* Given information:
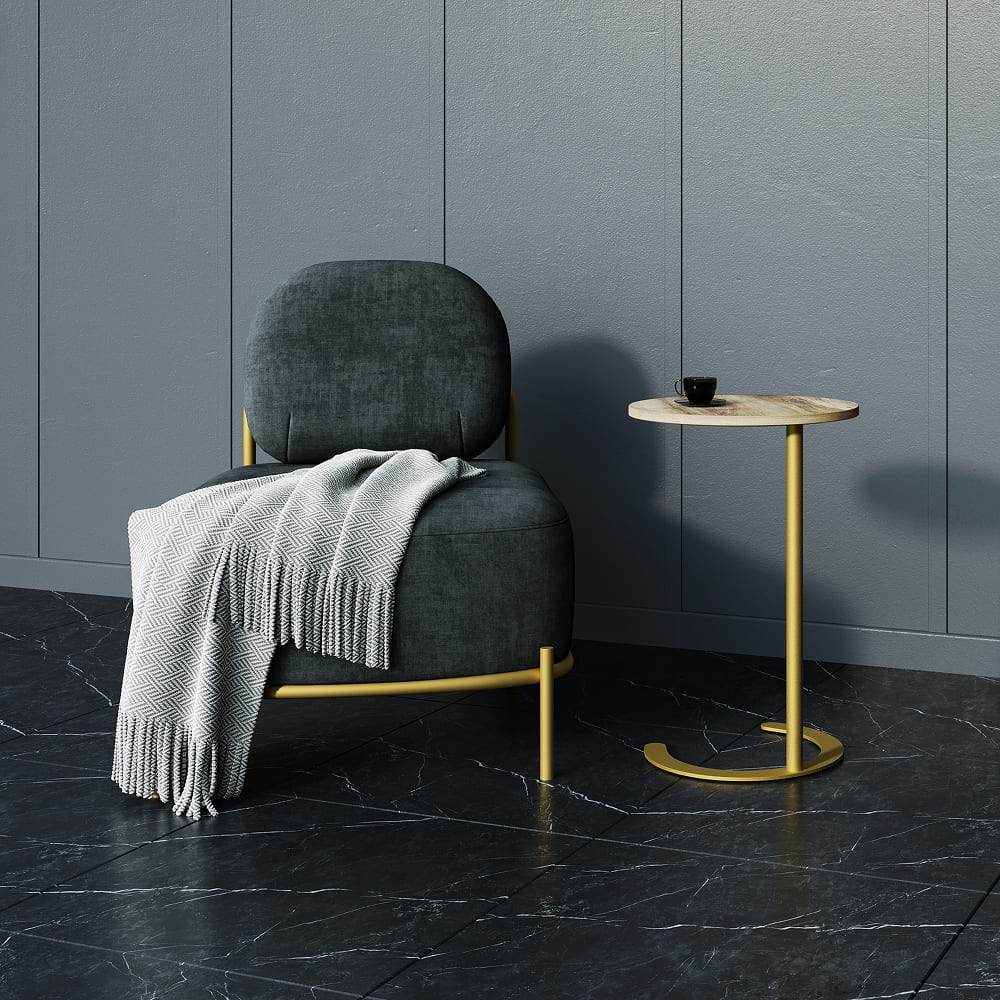 Дизайнерский металлический столик HORSIX. Изготовлен из металла и дерева. Нижняя платформа зайдёт под любой диван или кровать. Столик изготавливаются в 9 стандартных комбинациях цвета: нижняя часть – золотой, чёрный и белый, столешница – орех, белый и чёрный. Небольшие размеры и лаконичный дизайн позволят разместить его в любом уголке вашего дома. Вы можете использовать его как маленький столик к дивану для завтрака, или как прикроватную тумбу возле кровати для книг и других мелочей.
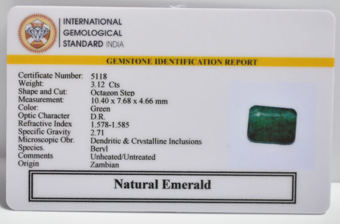 Beautiful 3.12 Cts Natural Emerald (AAA+-Mines) sva 3+ Ratti EMERALD. Free Horoscope & Free Pundit Ji Astrological Advise / Consultation. Original Natural Lab certified gems by IGI GTL / Birth stones / Large Gem Selection of shree shubh Rashi Ratan Vedic dhan at Gem Mines. May Bhagwan Brahma, Vishnu, Shiv & Universe bless you.
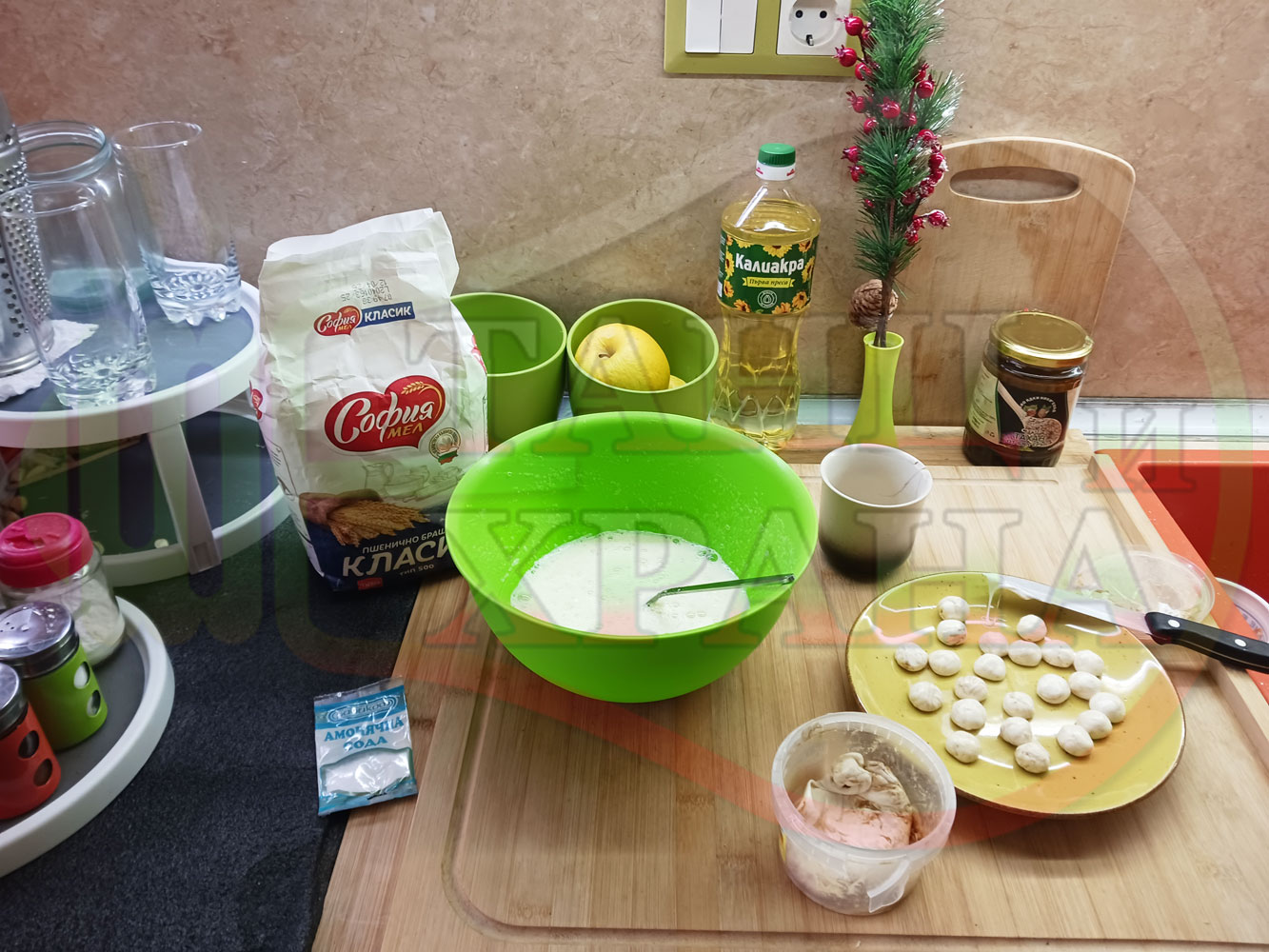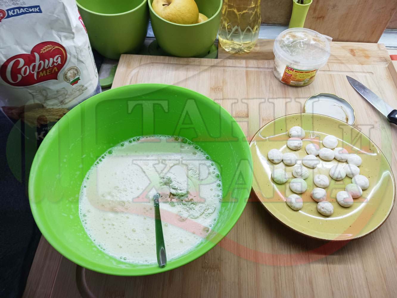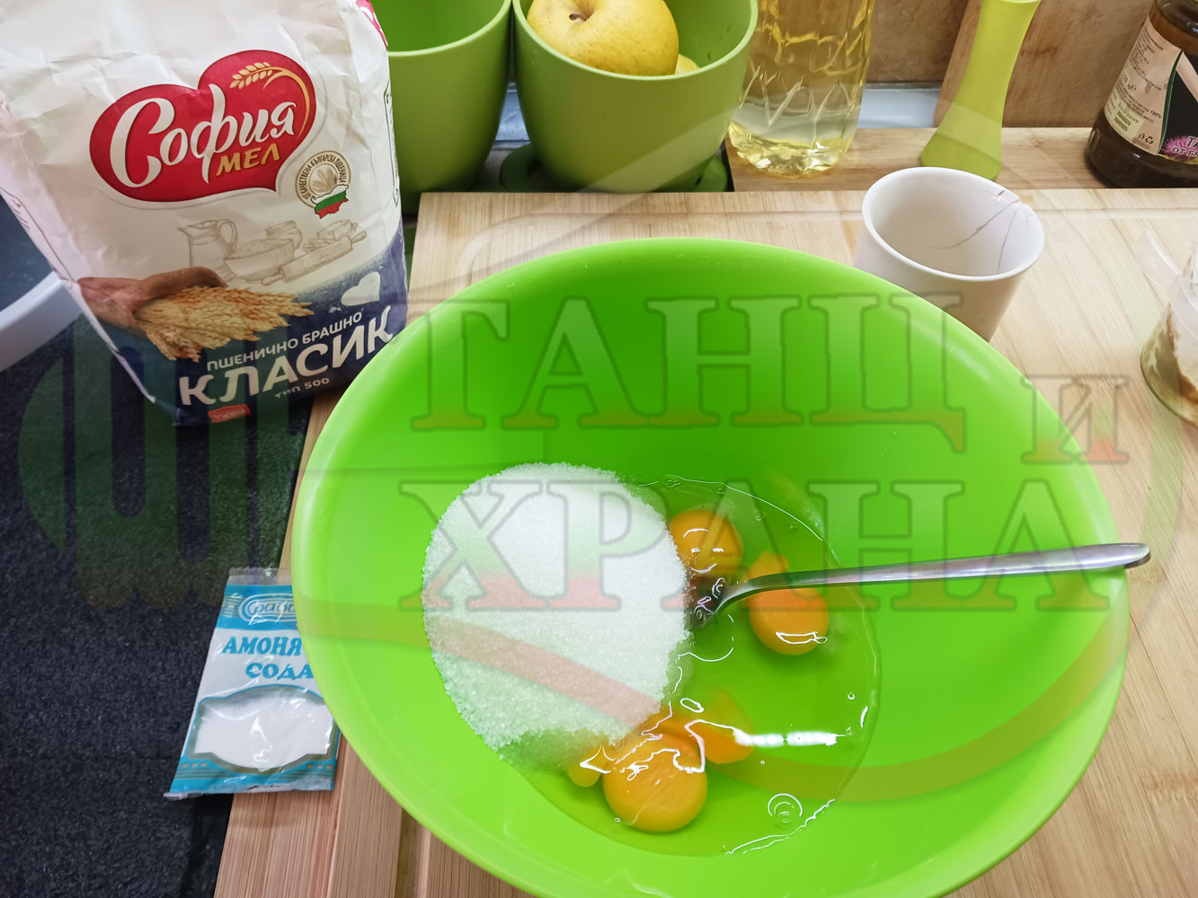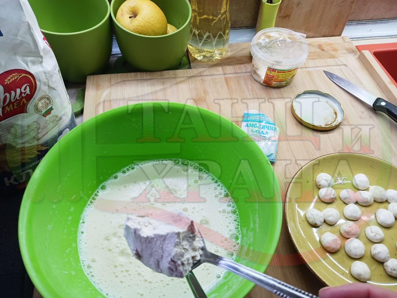 Разбийте яйцата със захарта в дълбока купа с вилица или миксер, до получаване на кремообразна смес. Сипете прясното мляко и амонячната сода, разбъркайте ги с вилицата, добавете брашното и отново разбъркайте с вилица или миксер до получаване на средно гъсто кексово тесто (кексовото тесто е с една степен по-гъсто от палачинковото). Кексовото тесто не трябва да е много гъсто нито много рядко и при необходимост от сгъстяване добавете по 1 или повече супени лъжици брашно.

* What the exercise asks:
What the answer needs is every line from the one containing "Beautiful 3.12 Cts" through the final line of the data above, copied exactly, without pictures.

* Finished task:
 Beautiful 3.12 Cts Natural Emerald (AAA+-Mines) sva 3+ Ratti EMERALD. Free Horoscope & Free Pundit Ji Astrological Advise / Consultation. Original Natural Lab certified gems by IGI GTL / Birth stones / Large Gem Selection of shree shubh Rashi Ratan Vedic dhan at Gem Mines. May Bhagwan Brahma, Vishnu, Shiv & Universe bless you.
 Разбийте яйцата със захарта в дълбока купа с вилица или миксер, до получаване на кремообразна смес. Сипете прясното мляко и амонячната сода, разбъркайте ги с вилицата, добавете брашното и отново разбъркайте с вилица или миксер до получаване на средно гъсто кексово тесто (кексовото тесто е с една степен по-гъсто от палачинковото). Кексовото тесто не трябва да е много гъсто нито много рядко и при необходимост от сгъстяване добавете по 1 или повече супени лъжици брашно.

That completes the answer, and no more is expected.